Branch: branches/minidom-lore-3560branches/minidom-lore-3560-2

(In [25747]) Branching to 'minidom-lore-3560-2'

comment:6 Changed 8 years ago by Jean-Paul Calderone

Keywords: review added
Owner: Jean-Paul Calderone deleted

Don't review this until #3600 has been reviewed. All of the domhelpers changes in this branch are duplicated in the branch for #3600. #3600 is intended to be the authoritative definition of those changes.

Aside from that, I guess this is ready for some eyes. Some things which may be easier to understand if I explain them:

  • I've deleted most of the data files used by the lore tests. Their contents are now inline in the unit tests which I find makes the tests easier to understand and maintain.
  • Many of the strings are slightly changed in either irrelevant or important ways, primarily in the amount and placement of whitespace. microdom's behavior was incorrect, so the strings were all "incorrect". minidom's behavior is better, many of the strings are different and better now.
  • In some places (for example, twisted/lore/test/template.tpl) I've deleted part of an input document being used in the tests. I've done this where the thing deleted from the document was optional and the test using the document/template was not directly for the aspect of lore behavior that thing was required for.
  • In order to avoid changing huge chunks of lore in a relatively trivial way, I've imported xml.dom.minidom as microdom. This may result in somewhat confusing code, I'm not sure. I could change it and update all the callers if the consensus is that that would be more readable.

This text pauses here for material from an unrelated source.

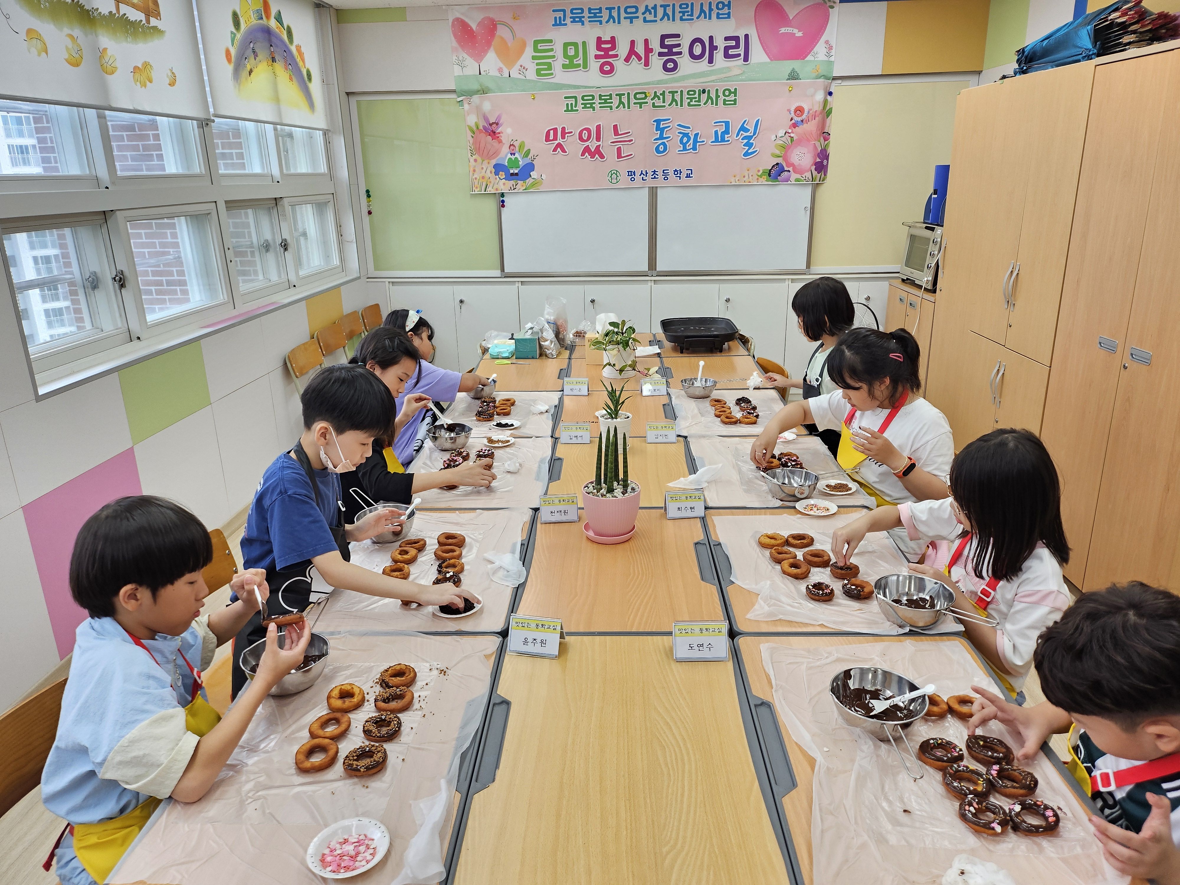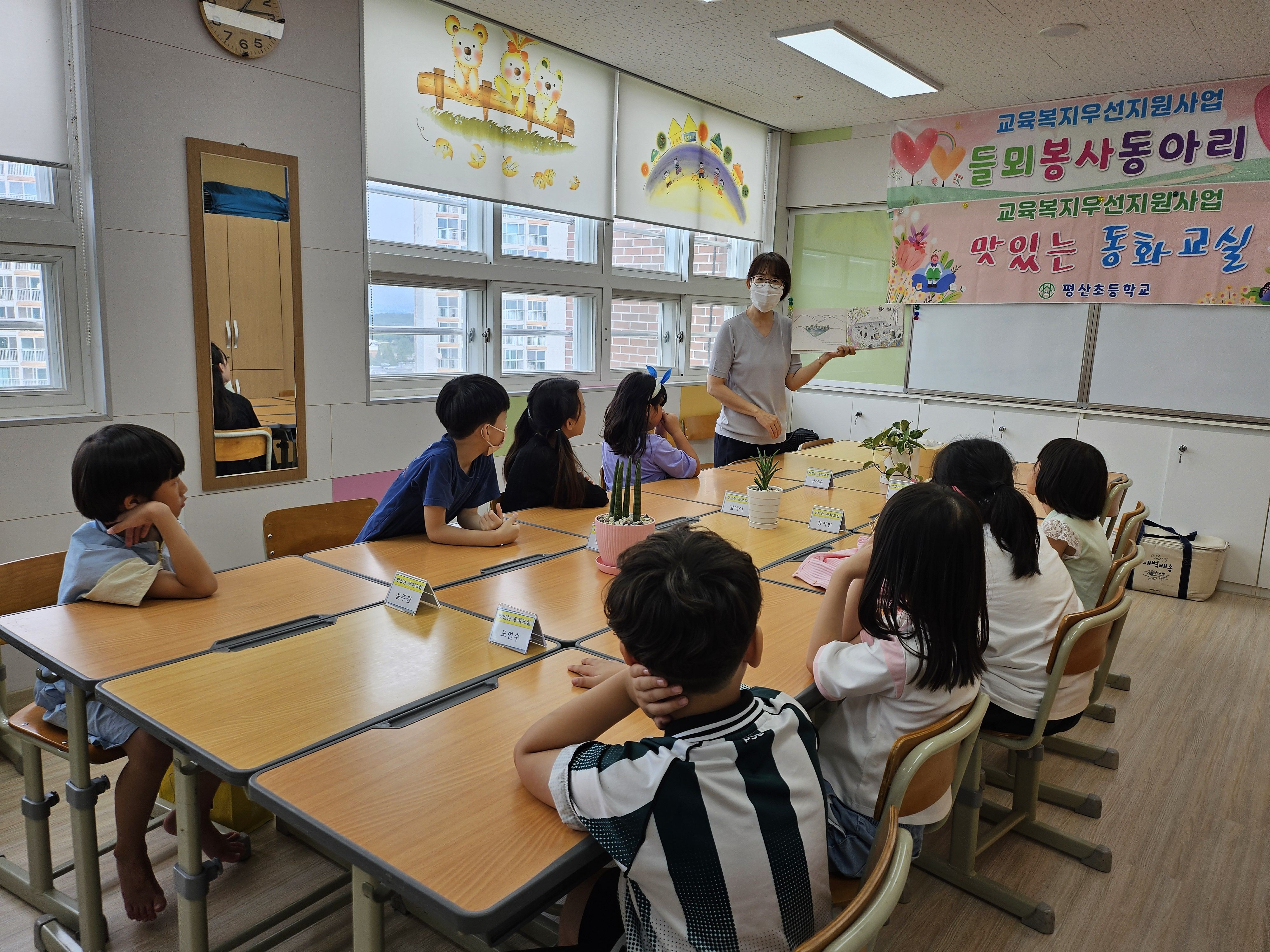 □ 평산초등학교(교장 이재구)는 교육복지우선지원사업의 일환으로 4월부터 11월까지 매주 월요일 ‘맛있는 동화교실’을 운영하고 있다.

comment:8 Changed 8 years ago by Glyph

Keywords: review removed
Owner: set to Jean-Paul Calderone

For the record, I remain unconvinced that the quality of maintenance of the standard library minidom module is substantially better than that of minidom (browsing the revision log doesn't show a dramatically better history), and the issues you spotted suggest that it may change in unpleasant ways in the future. For example, we don't have an "internet disconnected" buildbot to make sure that we don't need to turn off yet another new switch for DTD verification to not make random blocking internet connections.

However, I'm only ambivalent about that part of the change. The majority of the change here is an unambiguously awesome improvement to both the test data and the structure of the unit tests.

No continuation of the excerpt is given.